Fake It Until You Feel It

Some days, I don’t feel it.  I don’t feel like eating healthily.  I don’t feel like cooking.  I don’t feel like going to the gym.  I don’t feel like moving to the point of getting even 5,000 steps.  I don’t feel like doing yoga.  I don’t feel like meditating.  Today is kind of one of those days.  The cloud of a nasty cold is hanging over the apartment and I really would have liked to just stay in bed all day and eat takeout or other fast food.  But I didn’t, and I’m glad.

For me, one of the best ways to start “feeling it” is to fake it.  Just eat a vegetable, start to cook something, go the gym, get out of the house (which necessarily involves getting out of bed).  Even if I really don’t want to.  Because a majority of the time, that’s enough to make me start feeling it.  Eating something healthy reminds me that I feel better when I take the time and effort to do so, which, in turn, makes me feel like doing it.  Getting out of the house and going for a walk reminds me of how much better I feel when I do those things, which makes me do them more.
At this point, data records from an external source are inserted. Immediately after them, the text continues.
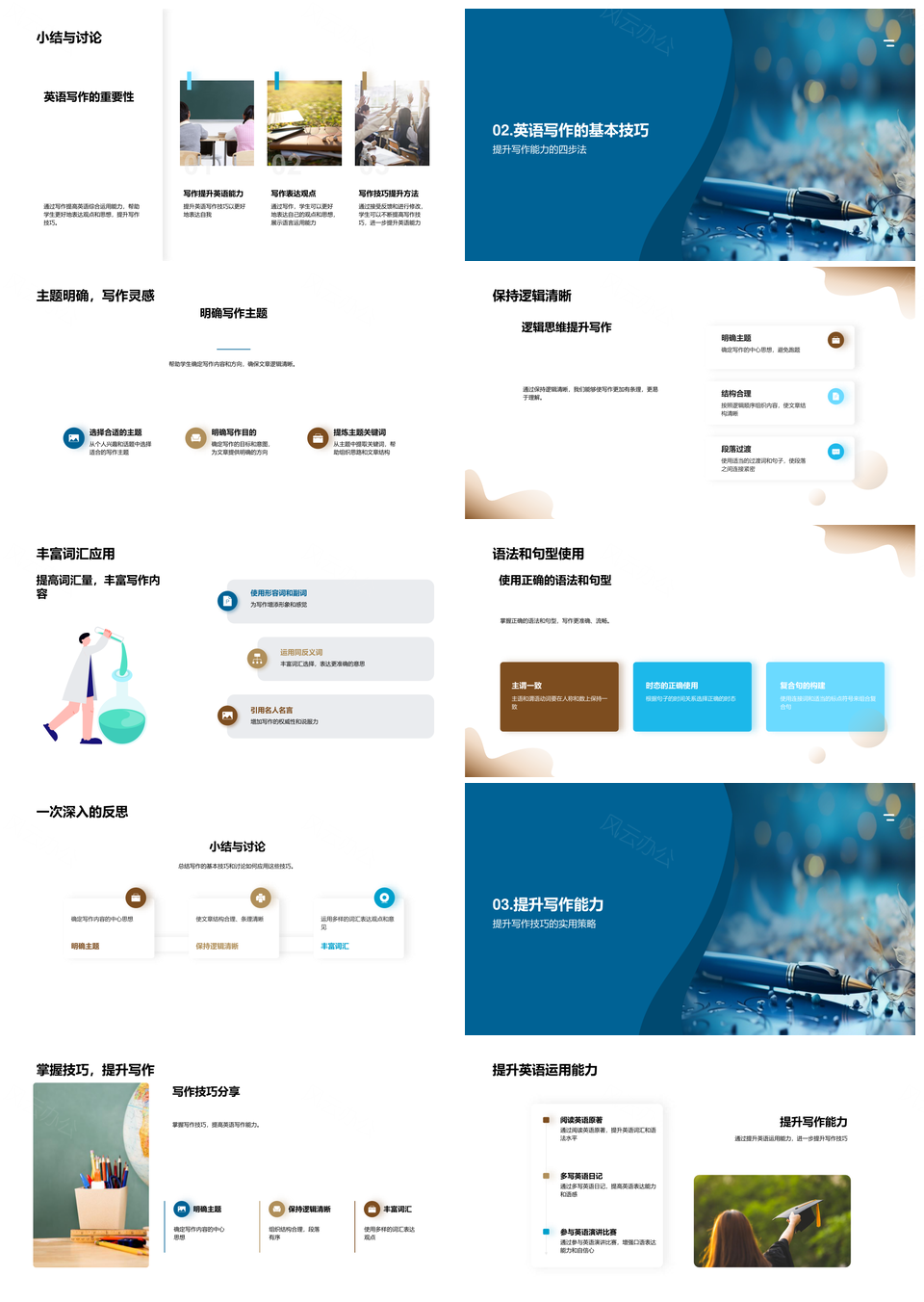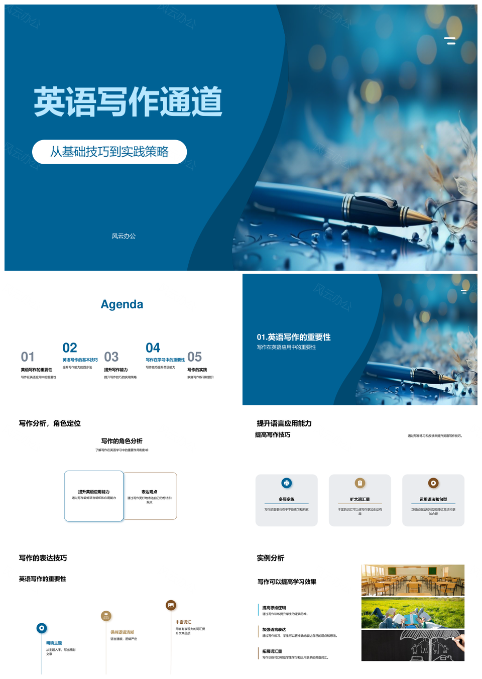 英语写作基础技巧实践策略逻辑词汇语法PPT模板推荐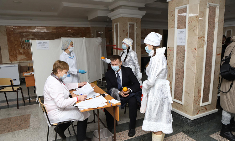 Чтобы поддержать всех, кто уже позаботился о своём здоровье, Дед Иммунитет вместе с Внучками-антителами отправился в прививочный пункт вокзала и поздравил вакцинирующихся красноярцев.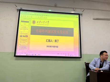 20231010日上午,西安工业大学兵器科学与技术学院院长助理、武器系统与工程系主任陈丁高级工程师来我校进行学术交流讲座。在莲湖校区北楼447教室,陈老师做了题为光幕阵列测试技术及应用的学术报告。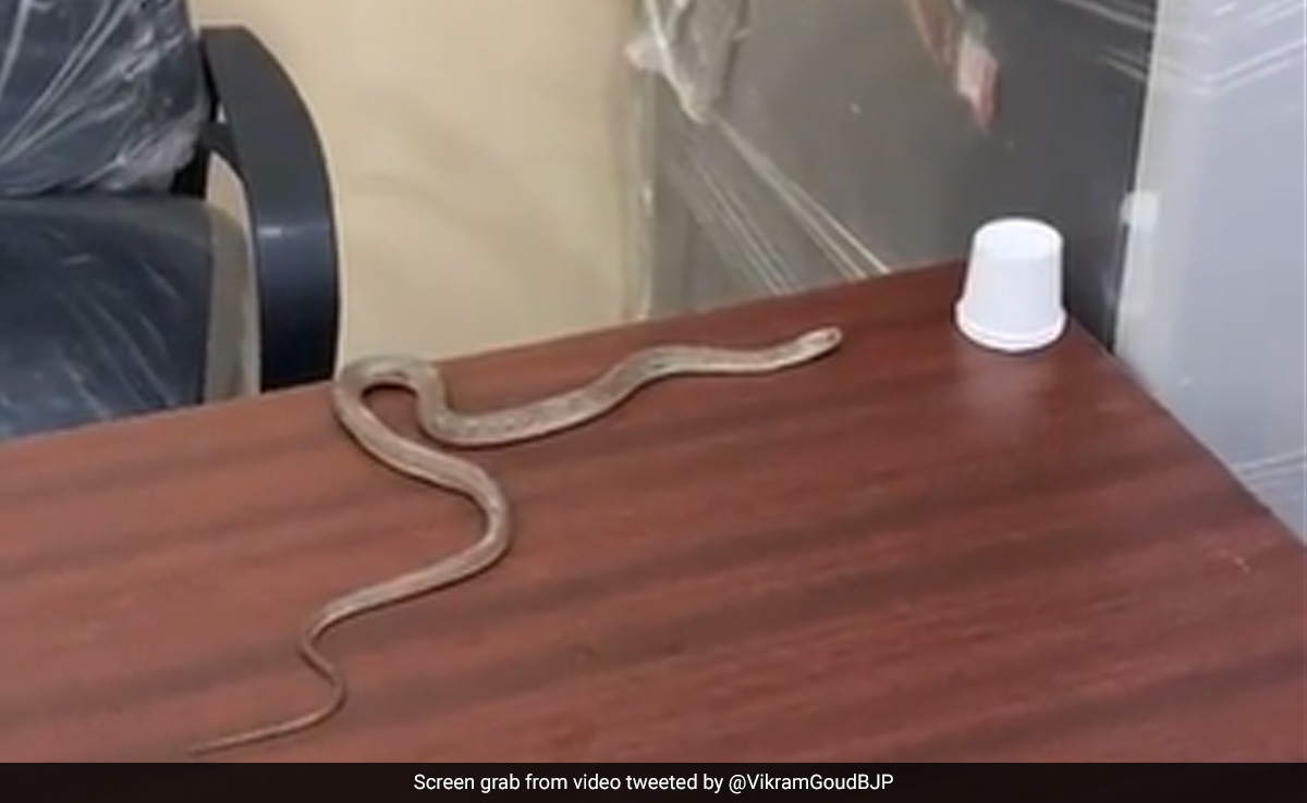 बरसात के मौसम में घरों में कीड़े, मकौड़े आने लगते है. अगर घर के आसपास पार्क या फिर हरे भरे पेड़ हैं तो आपके घर में सांप, बिच्छू जैसे खतरनाक और जहरीले जीव भी आ सकते हैं. जानवर तब घरों में घुसने लगते हैं, जब बरसात की वजह से जंगलों में पानी भर जाता है और उन्हें रहने के लिए जगह नहीं मिलती है. हाल ही में तेलंगाना की राजधानी हैदराबाद (Hyderabad) से एक चौंकाने वाला मामला सामने आया है. यहां जब एक शख्स के घर सांप पकड़ने के लिए नगर निगम के अधिकारी नहीं पहुंचे तो गुस्से में वो शख्स सांप पकड़कर नगर निगम के दफ्तर पहुंच गया और उस सांप को ऑफिस में ही छोड़ दिया. अब इसी घटना का वीडियो सोशल मीडिया पर जमकर वायरल हो रहा है. वीडियो को हैदराबाद बीजेपी के युवा नेता विक्रम गौड़ ने ट्विटर पर शेयर किया है.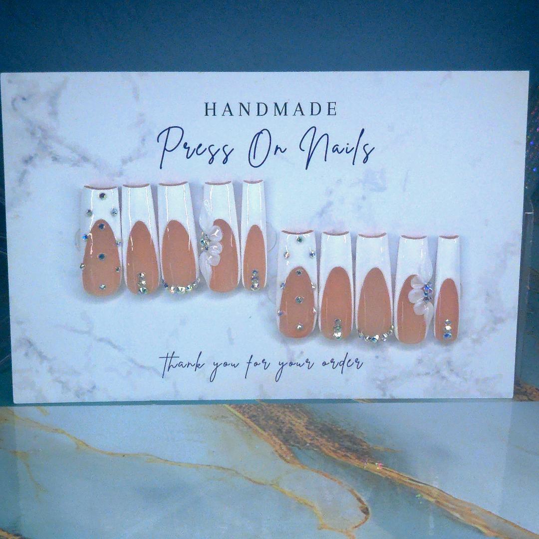 Elevate your bridal look with these handcrafted press-on nails featuring a timeless classic French tip design. Delicate white flowers adorned with sparkling rhinestones create an elegant focal point perfect for weddings and special occasions. Each nail is meticulously hand-applied with premium rhinestones for a luxurious finish that catches the light beautifully. The simple yet sophisticated design complements any bridal aesthetic while maintaining a refined, understated elegance. Professional quality craftsmanship ensures durability and a flawless appearance throughout your celebration. All nails are made to order. Please allow 2 weeks to receive your order.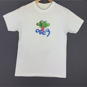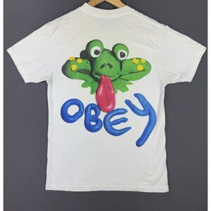 Obey Skate Streetwear Frog Art Tongue Spellout White Shirt Small Hype Rare Tee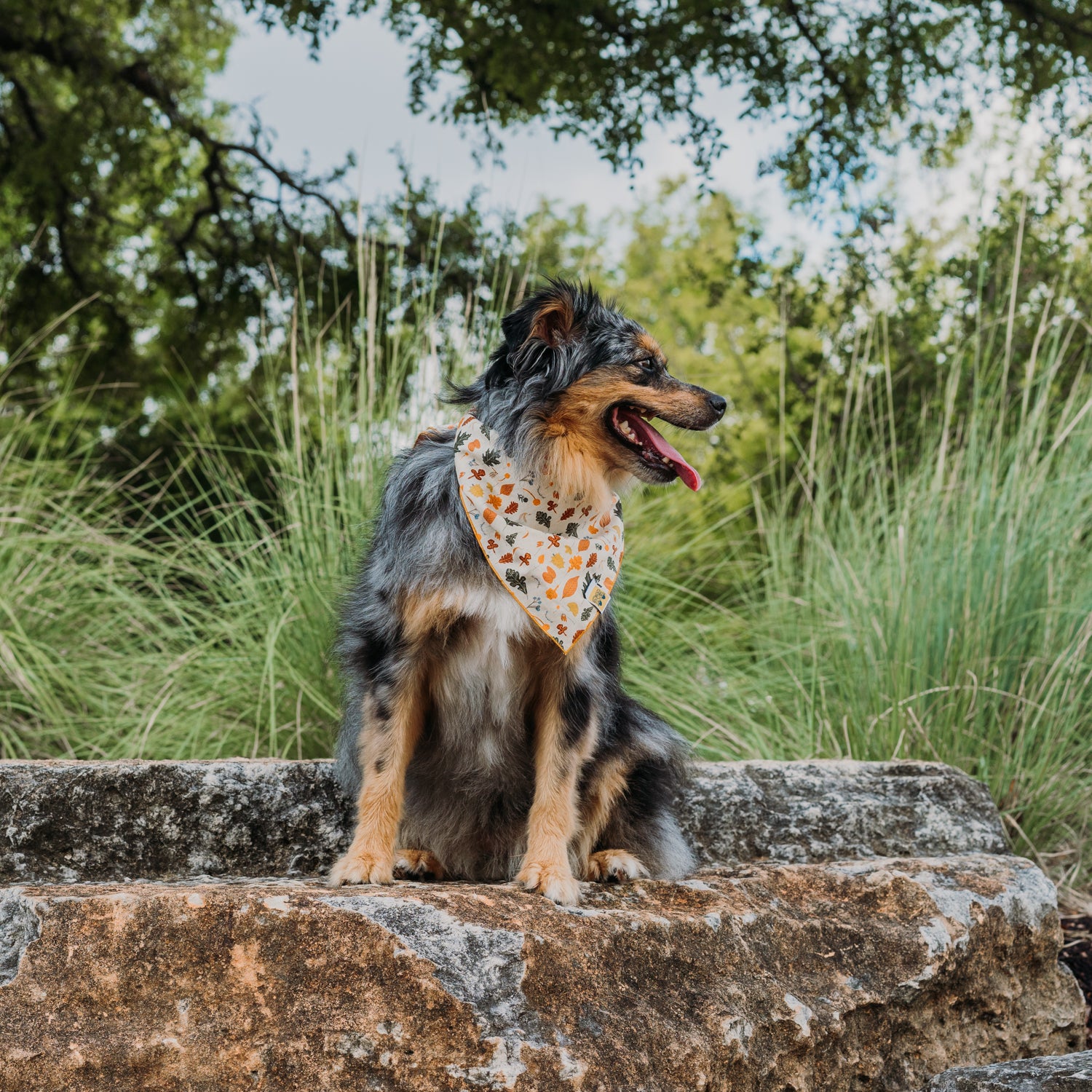 Can you smell it? That change in the wind, it must mean autumn is just around the corner. You'll find no better way to display your love of all things autumnal than this lovely falling leaves print. Quintessentially autumnal, the color foliage is perfect for a dog who loves a hike, a romp in a pile of leaves, or even just a cozy snuggle on the couch.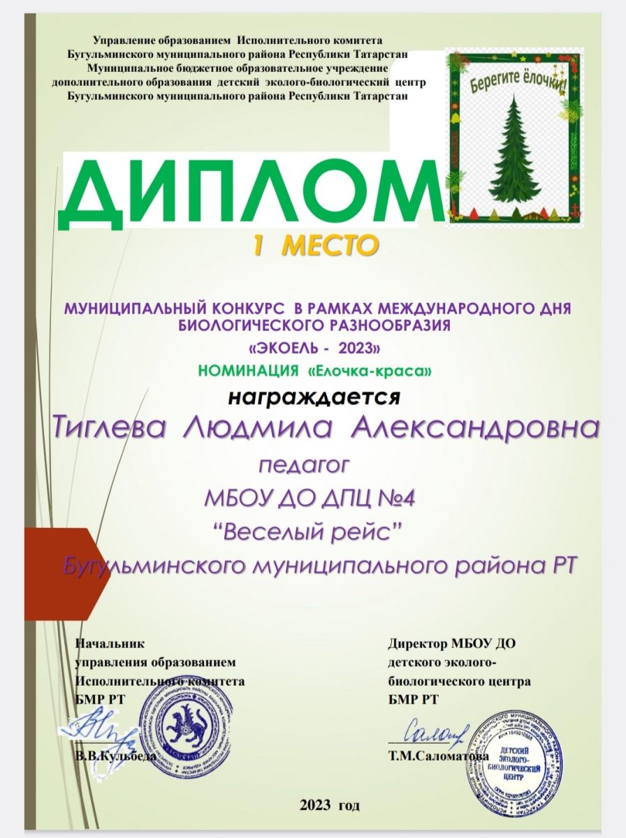 12. Муниципальный конкурс в рамках Международного дня Биологического разнообразия "Экоель - 2023", Диплом 1 место, Тиглева Л.А.jpg
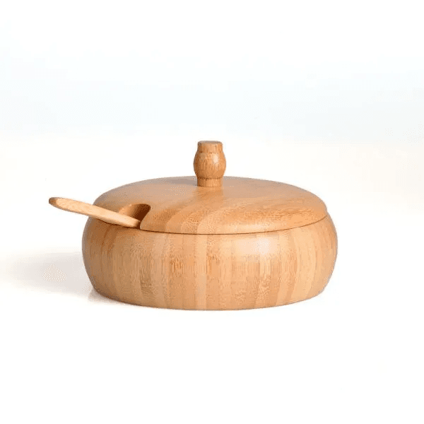 Conta com cumbuca, tampa e colher. Conta também com saleiro em bambu; Estão perfeitamente acomodados em uma caixa para presentear.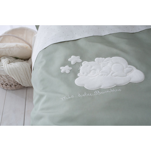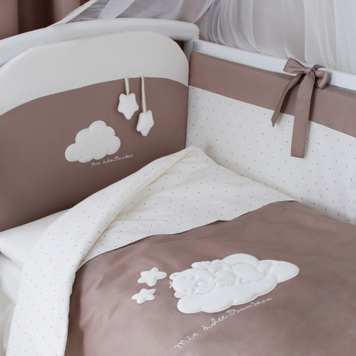 Дизайн модели «Бамбино» окружит вашего малыша теплом семейного уюта. Природные оттенки и спокойные тона элитного сатина убаюкивают перед сном, а стильные и абсолютно натуральные плюшевые игрушки и объемная велюровая аппликация займут маленького первооткрывателя после пробуждения.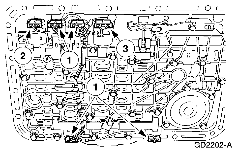 8. Connect the TCC, SSD, SSB, and EPC solenoid electrical connectors.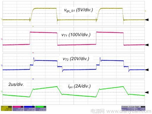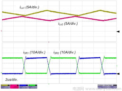 圖 4 和圖 5 所示為轉(zhuǎn)換器在標(biāo)稱(chēng)輸入和全負(fù)載情況下的實(shí)驗(yàn)波形。S1 的柵極信號(hào),主變壓器的初級(jí)端和次級(jí)端的電壓和初級(jí)端電流如圖4所示。請(qǐng)留意這些波形與理論分析很好地吻合,包括ZVS 運(yùn)作。輸出電感電流和 SR 的電流如圖 5 所示,由于占空比和寄生組件,輸出電感電流是不均衡的,這意味著平均勵(lì)磁電流小于中心抽頭式配置(注 1)。
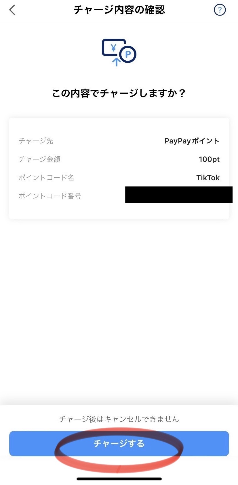 チャージ内容に間違いがなければ「チャージする」をタップします。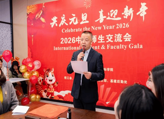 岁末迎新,暖意融融。2025年12月30日下午,国际合作与交流处、国际学院在南校区教工食堂共享厨房举办“共庆元旦·喜迎新年”中外师生交流会。校党委常委、副校长幸昆仑、刘洪光出席活动,与来自校工会、党委保卫部、基建后勤处、国际合作与交流处等部门的负责人、国际学院教师及全体留学生欢聚一堂,共迎佳节。此次活动由国际合作与交流处处长刘影主持。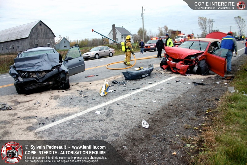 Un accrochage à trois véhicules a provoqué une violente collision frontale sur la route 235 à St-Pie. Les premiers répondants et le SSI de St-Pie ont répondu à l'appel.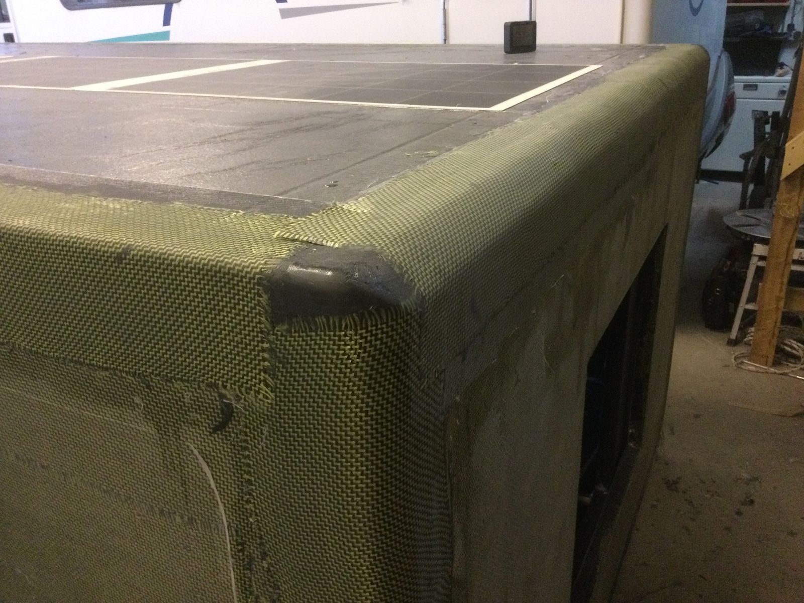 Das Dach wurde dann erstmal lose aufgesetzt und zeigte die Summe aller eingebauten Toleranzen, dann noch einmal angehoben und mit Harz aufgeklebt. Auch hier wurde mit Kohlefaser, dann mit Aramid-Kohle der Übergang laminiert.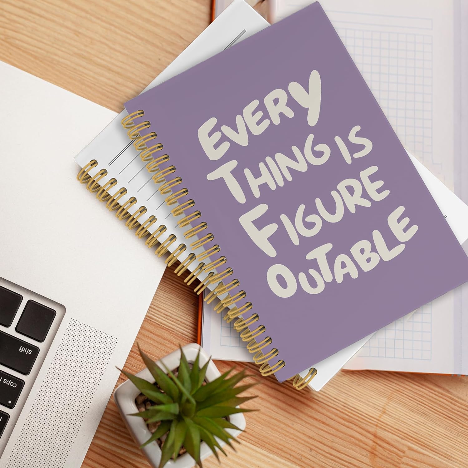 Inspirational Purple Notebook, Positive Affirmations Stress Relief Gifts, Office College Motivational Journal Notebooks, Everything Is Figureoutable Hardcover Spiral Notebook 5.5x8.3 Inch
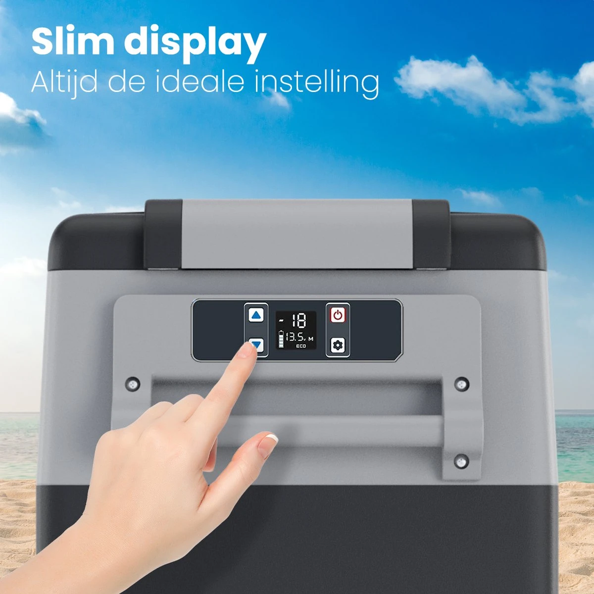 Geniet van een heerlijk dagje weg met deze krachtige Elektrische Compressor Koelbox van Auronic! Dankzij de capaciteit van 49,5 liter kun je maar liefst 60 blikjes koel houden, je hoeft je daarom geen zorgen te maken dat jouw drankjes of snacks gedurende de dag warm worden. Het robuuste en schokbestendige ontwerp zorgt ervoor dat jouw inhoud onderweg altijd veilig is. Het beste van alles is dat de koelbox wordt geleverd met elektrische stekkers die werken op 12/24V en 240V, zodat je er zeker van bent dat je de koelbox altijd van stroom kunt voorzien. Kies uit de vijf standen: Vriezer, Normaal, Koud, Eco en Max!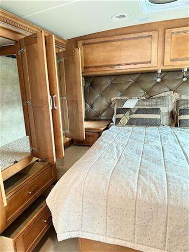 There is a folding door that closes off the bedroom space for more privacy. Here you will enjoy sleeping on a 60" x 75" queen size bed with dual nightstands, plus a slide out wardrobe area including drawers. A nice TV location is along the outer toilet area wall where you will enjoy a 22" DC HDTV.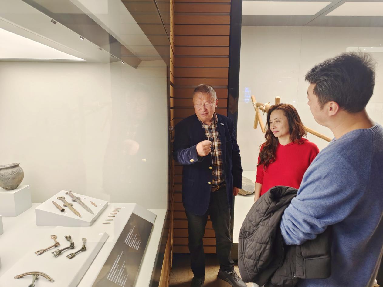 图3:李肖教授在哈萨克斯坦国家博物馆讲解中亚考古实物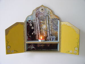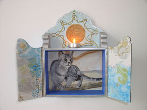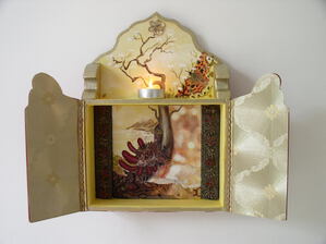 In mijn schilderijen zie je de wonderlijke wereld van de natuur met soms sprookjesachtige figuren. Naast schilderijen maak ik altaartjes en kandelaars van gerecycled en beschilderd glas.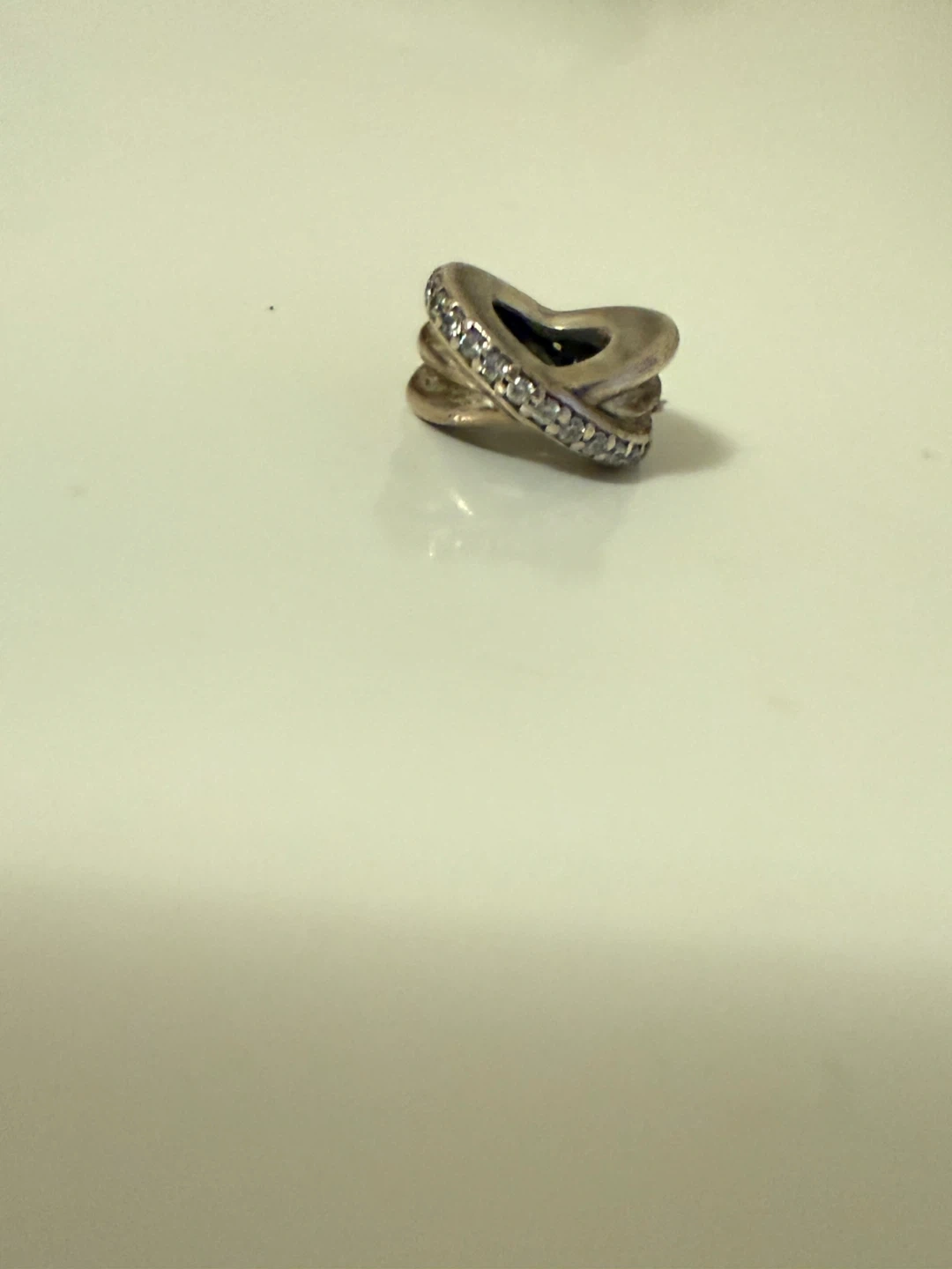 Selling a Pandora intertwined ring. It's a beautiful piece that's perfect for adding a touch of elegance to any outfit. The ring has a unique design and is in good condition. It's a size 7.

Going to the gym can be harder to do, but it’s the same.  Sometimes you just need to get there and fake it for a few minutes.  Make yourself do 10 minutes on a bike or treadmill (or whatever it is that you do at the gym) and, chances are, you’ll keep doing it once those 10 minutes are over.  It’s not a magic bullet but if you’re still not feeling it after those 10 minutes and decide to call it a day, that’s OK too.  Because 10 minutes of exercise is better than zero!

For me, by faking it, at the very least I modify my behavior so that I take at least one healthy action or make one healthy decision.  And frequently, doing that one thing is all it takes to make me feel it.  The way I see it, there’s nothing to lose by faking it**, because either you’ll start to feel it and that’s great or you’ll at least be a little healthier than you would have been otherwise.  Do you do this?

**Note: I am ONLY talking about making healthy decisions here.  I am not advocating that you “fake it” in other situations (although faking a good mood or confidence can certainly be really helpful in making you feel better or more confident).  This approach does NOT work in all aspects of life and is probably not a great guiding principle for your life in general.  It can, however, be a useful tool when appropriate.